> _Task prompt_
Take the line that contains "Component Locations: Component" and each one after it through the last line below, and retype them exactly. Leave out the pictures.

Data entries:
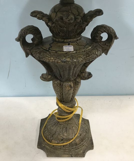 Distressed age crackle resin urn table lamp, 36"h. Distressed age crackle resin urn table lamp, 36"h.
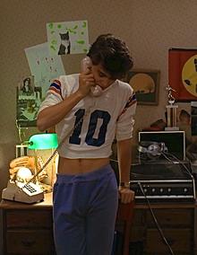 A tube top, colloquially known in the UK as a boob tube,[1] is a shoulderless, sleeveless women's garment that wraps around the upper torso. It is generally tight over the breasts, and usually uses elastic bands at its top and bottom to prevent it from falling. The tube top's precursor was a beachwear or informal summer garment worn by young girls in the 1950s that became more widely popular in the 1970s and returned to popularity in the 1990s and 2000s.[2]
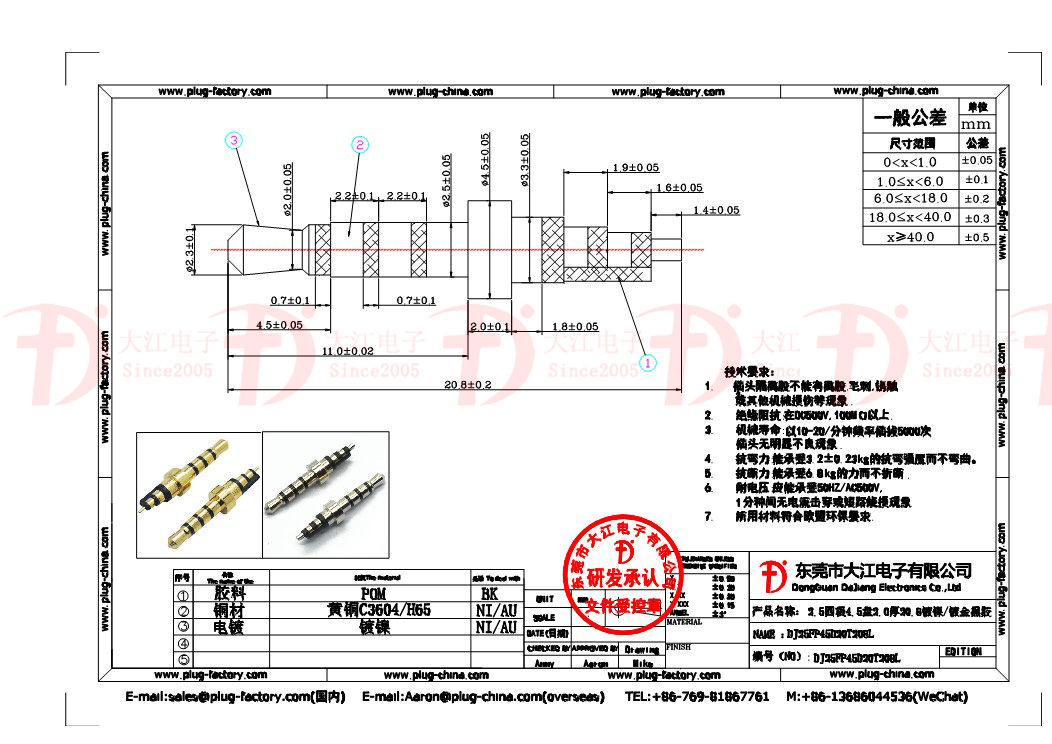 產(chǎn)品說明:2.5mm四級4.5盤-2.0厚20.8L 鍍金 耳機插頭
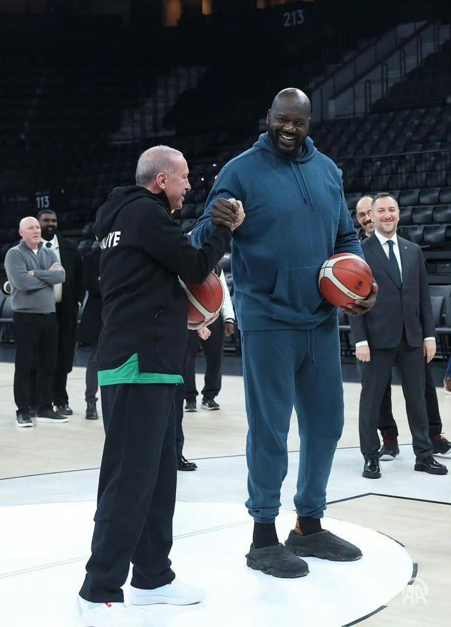 土耳其总统埃尔多安在伊斯坦布尔与NBA传奇球星沙奎尔·奥尼尔会面,并与他打了一场友谊赛。
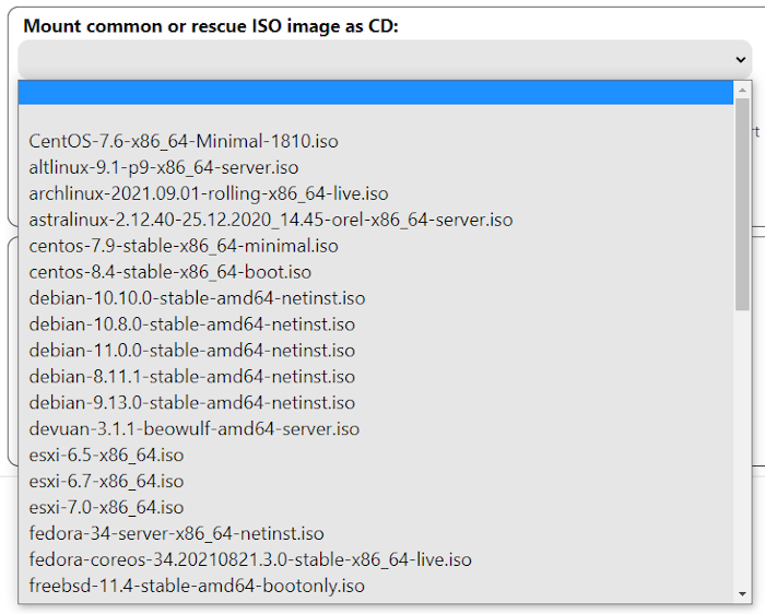 The Mount a standard or recovery ISO image as a CD section is available only when managing virtual servers and Supermicro hardware with X10 and X11 motherboards (and in some cases X9). In this tab, you can select an ISO with the required operating system from the dropdown list:
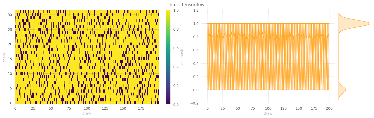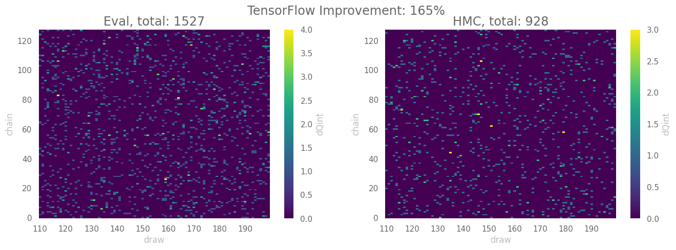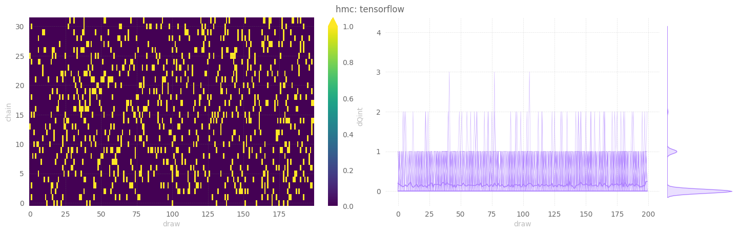 console.print(f"TensorFlow, HMC\n dQint.sum('chain'):\n {dqh.astype(int).sum('chain').T}")
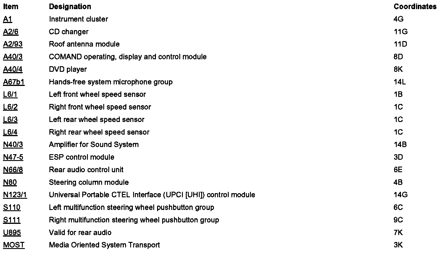 Component Locations: Component Location photographs can be found via their component names at the vehicle level. A - Z Component List
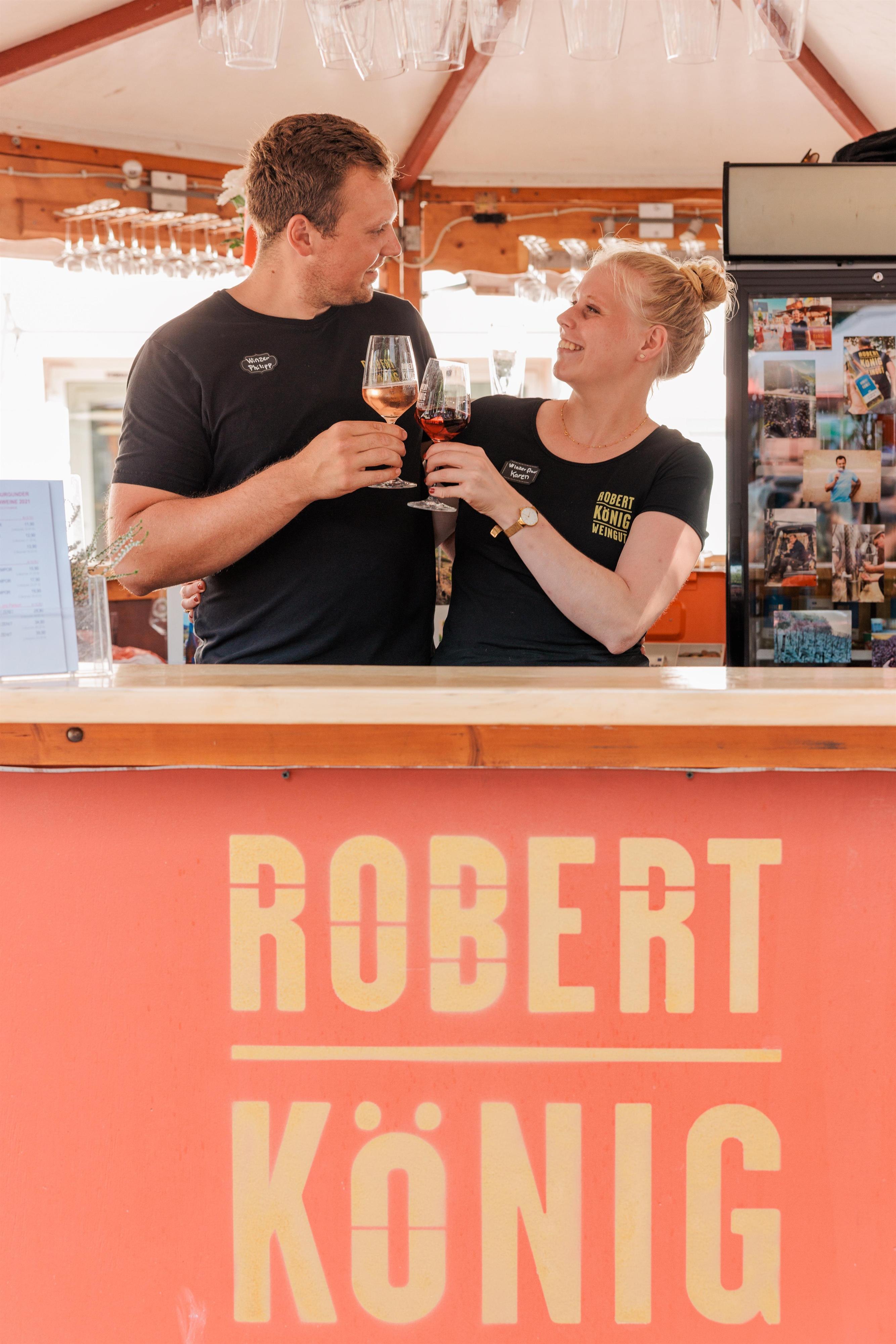 Philipp König leitet seit 2015 das Weingut und ist neben der Geschäftsführung für die Strategie, Weinbereitung, den Vertrieb, dn Außenbetrieb und die Repräsentation des Weingutes verantwortlich. Seit 2021 unterstützt ihn Karen Moeller, die dänische Partnerin von Philipp, im Vertrieb, der Repräsentation, de Weinbergen und den Veranstaltungen.
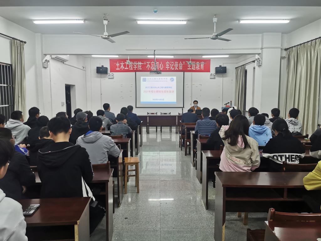2020年10月5日晚上19:30,武汉工程大学土木工程与建筑公司领导一行到公司开展2021年硕士研究生招生工作宣讲会,公司组织2021届本科毕业生中有意愿报考硕士研究生的同学前往宣讲会现场咨询。此次宣讲活动在天工楼504多媒体教室举行。
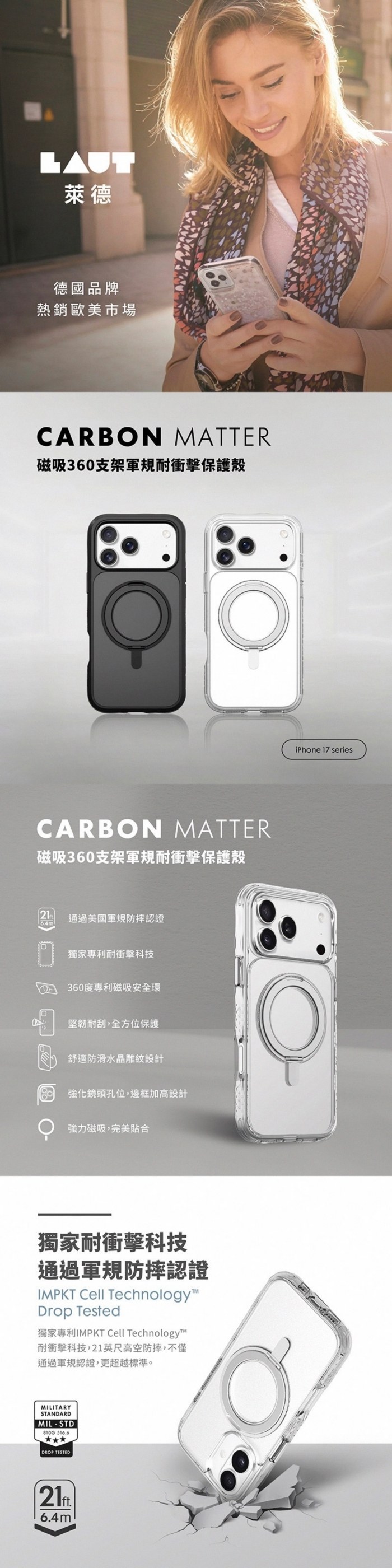 • 黑-LAUT 萊德 iPhone 17 Pro 磁吸360支架軍規耐衝擊保護殼
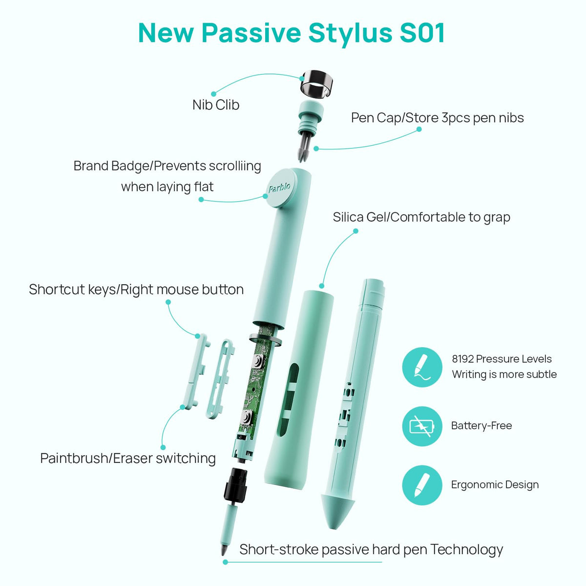 ?Advanced S01 Passive Pen?: Our Upgraded S01 Passive Pen Incorporates Cutting-Edge Short-Stroke Hard Pen Technology. Feel The Precision Of Traditional Pens Without The Wobbling. Enjoy Exceptional Touch Sensitivity And Accuracy For A Truly Natural Writing And Drawing Experience. | ?Effortless Mode Selection?: Switch Between 4 Preset Modes - Mobile, Tablet, Chromebook, And Custom - With Ease Using The Intuitive Knob. No Need For Setup When Connecting To A Computer; Its Ready Out Of The Box In Mobile Phone Mode, Ensuring A Smooth Creative Journey. | ?Immerse In Natural Drawing?: Dive Into Natural Drawing With The Battery-Free Stylus S01. With 8192 Pressure Levels And
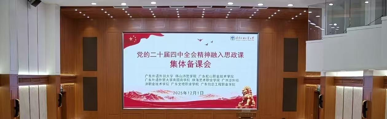 为深入学习宣传贯彻党的二十大届四中全会精神,推动习近平新时代中国特色社会主义思想进教材、进课堂、进头脑,2025年12月1日上午,广东外语外贸大学主办了“党的二十大届四中全会精神融入思政课”集体备课会。本次备课会以线上线下相结合的方式举行,主会场设在广外白云山校区国际会议厅。广东文理职业学院马克思主义学院组织全体教师通过线上方式全程参与学习。

> _Response_
 Component Locations: Component Location photographs can be found via their component names at the vehicle level. A - Z Component List
 Philipp König leitet seit 2015 das Weingut und ist neben der Geschäftsführung für die Strategie, Weinbereitung, den Vertrieb, dn Außenbetrieb und die Repräsentation des Weingutes verantwortlich. Seit 2021 unterstützt ihn Karen Moeller, die dänische Partnerin von Philipp, im Vertrieb, der Repräsentation, de Weinbergen und den Veranstaltungen.
2020年10月5日晚上19:30,武汉工程大学土木工程与建筑公司领导一行到公司开展2021年硕士研究生招生工作宣讲会,公司组织2021届本科毕业生中有意愿报考硕士研究生的同学前往宣讲会现场咨询。此次宣讲活动在天工楼504多媒体教室举行。
 • 黑-LAUT 萊德 iPhone 17 Pro 磁吸360支架軍規耐衝擊保護殼
 ?Advanced S01 Passive Pen?: Our Upgraded S01 Passive Pen Incorporates Cutting-Edge Short-Stroke Hard Pen Technology. Feel The Precision Of Traditional Pens Without The Wobbling. Enjoy Exceptional Touch Sensitivity And Accuracy For A Truly Natural Writing And Drawing Experience. | ?Effortless Mode Selection?: Switch Between 4 Preset Modes - Mobile, Tablet, Chromebook, And Custom - With Ease Using The Intuitive Knob. No Need For Setup When Connecting To A Computer; Its Ready Out Of The Box In Mobile Phone Mode, Ensuring A Smooth Creative Journey. | ?Immerse In Natural Drawing?: Dive Into Natural Drawing With The Battery-Free Stylus S01. With 8192 Pressure Levels And
 为深入学习宣传贯彻党的二十大届四中全会精神,推动习近平新时代中国特色社会主义思想进教材、进课堂、进头脑,2025年12月1日上午,广东外语外贸大学主办了“党的二十大届四中全会精神融入思政课”集体备课会。本次备课会以线上线下相结合的方式举行,主会场设在广外白云山校区国际会议厅。广东文理职业学院马克思主义学院组织全体教师通过线上方式全程参与学习。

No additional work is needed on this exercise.